Supervisor Chairman Louis Boitano said contracting with AFPD would be OK, and if it ceases, Prop 172 funds would go away. Supervisor Brian Oneto suggested a year for districts to decide whether they would consolidate. He said “committing is one thing, but it’s another thing to sign on.”
Supervisor John Plasse agreed with a year timeframe “because the next agenda item is a budget item where we could be spending Prop 172 money.” That was the Local Community Corrections task force issue.
Forster said “a year’s plenty of time. They should have been thinking about this.” He said they should show “substantial progress toward consolidation.”
Novelli said if some departments don’t want to consolidate, then the board needs to decide what we want to do with these funds. He said: “I don’t want to dictate. I want to see if it’s going for the right thing, and if it is not then we make that determination.”
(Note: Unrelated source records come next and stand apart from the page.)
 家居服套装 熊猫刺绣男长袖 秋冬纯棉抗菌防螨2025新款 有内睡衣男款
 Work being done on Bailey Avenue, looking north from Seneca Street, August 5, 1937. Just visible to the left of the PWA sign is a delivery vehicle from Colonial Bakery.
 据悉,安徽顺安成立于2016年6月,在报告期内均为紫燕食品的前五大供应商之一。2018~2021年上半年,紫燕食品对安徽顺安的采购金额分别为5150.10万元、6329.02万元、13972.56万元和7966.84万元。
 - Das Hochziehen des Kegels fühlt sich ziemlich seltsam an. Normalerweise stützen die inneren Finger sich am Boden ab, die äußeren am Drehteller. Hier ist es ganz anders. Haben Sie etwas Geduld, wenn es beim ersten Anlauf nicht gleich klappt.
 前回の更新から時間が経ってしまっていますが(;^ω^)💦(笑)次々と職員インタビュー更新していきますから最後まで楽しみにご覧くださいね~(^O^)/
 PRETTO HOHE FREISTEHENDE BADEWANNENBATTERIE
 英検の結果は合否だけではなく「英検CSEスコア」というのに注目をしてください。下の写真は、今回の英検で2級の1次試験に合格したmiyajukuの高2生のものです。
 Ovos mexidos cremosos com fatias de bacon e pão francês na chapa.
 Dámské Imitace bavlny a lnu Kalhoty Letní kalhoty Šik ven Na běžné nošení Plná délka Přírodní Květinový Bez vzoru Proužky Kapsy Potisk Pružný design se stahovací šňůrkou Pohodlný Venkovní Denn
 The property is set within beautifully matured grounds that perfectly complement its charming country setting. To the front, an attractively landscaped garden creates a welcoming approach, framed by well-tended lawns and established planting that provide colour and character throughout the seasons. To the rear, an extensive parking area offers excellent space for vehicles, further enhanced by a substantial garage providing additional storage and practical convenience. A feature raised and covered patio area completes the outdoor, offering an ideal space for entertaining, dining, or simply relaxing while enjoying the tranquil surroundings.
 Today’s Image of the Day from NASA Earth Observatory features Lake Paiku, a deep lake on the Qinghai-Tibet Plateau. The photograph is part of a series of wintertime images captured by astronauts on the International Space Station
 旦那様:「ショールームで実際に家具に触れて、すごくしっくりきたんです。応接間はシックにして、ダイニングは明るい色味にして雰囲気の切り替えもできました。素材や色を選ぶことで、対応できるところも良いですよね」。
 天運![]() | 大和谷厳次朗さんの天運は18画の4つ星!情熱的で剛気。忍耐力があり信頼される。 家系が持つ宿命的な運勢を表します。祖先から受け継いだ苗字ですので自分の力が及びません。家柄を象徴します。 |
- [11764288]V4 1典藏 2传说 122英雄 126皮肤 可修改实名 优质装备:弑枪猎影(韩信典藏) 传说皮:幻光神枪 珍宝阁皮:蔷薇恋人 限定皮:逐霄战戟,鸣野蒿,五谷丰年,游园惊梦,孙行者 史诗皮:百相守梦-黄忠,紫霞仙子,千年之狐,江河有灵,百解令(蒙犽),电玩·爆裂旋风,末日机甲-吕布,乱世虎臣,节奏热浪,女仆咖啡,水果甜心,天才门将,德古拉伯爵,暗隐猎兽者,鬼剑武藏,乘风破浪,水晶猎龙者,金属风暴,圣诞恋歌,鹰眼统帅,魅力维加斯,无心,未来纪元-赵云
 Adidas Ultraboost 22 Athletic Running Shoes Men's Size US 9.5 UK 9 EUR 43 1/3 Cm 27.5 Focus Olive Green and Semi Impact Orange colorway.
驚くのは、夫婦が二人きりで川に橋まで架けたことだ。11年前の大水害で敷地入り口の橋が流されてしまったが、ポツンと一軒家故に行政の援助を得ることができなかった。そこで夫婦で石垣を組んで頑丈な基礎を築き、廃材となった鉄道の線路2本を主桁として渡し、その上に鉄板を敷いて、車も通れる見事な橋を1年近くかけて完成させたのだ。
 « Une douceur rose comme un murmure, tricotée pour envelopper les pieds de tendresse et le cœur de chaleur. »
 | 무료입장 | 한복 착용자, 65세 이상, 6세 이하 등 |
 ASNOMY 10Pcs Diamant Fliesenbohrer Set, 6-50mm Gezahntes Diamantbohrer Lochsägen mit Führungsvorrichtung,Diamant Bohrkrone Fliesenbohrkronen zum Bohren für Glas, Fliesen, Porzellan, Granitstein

Boitano said “I don’t think threatening them is the way to go. They need to be pushed. That’s the bottom line.” Forster agreed. He suggested Novelli get with Boitano and write a letter to fire agencies asking for Prop 172 accounting on a yearly basis of how that money was spent, along with the year timeline to decide on consolidation.
Boitano said: “I think we ought to get on the road to getting everybody consolidated. The sooner we start, the sooner we get it done.”
Novelli said some don’t want to consolidate, and if they don’t, “I do not want to force them to do it. But we should make it clear that if they don’t, the Prop 172 money will be lost.”
Boitano said he has “assured each district that it can keep its own identity.”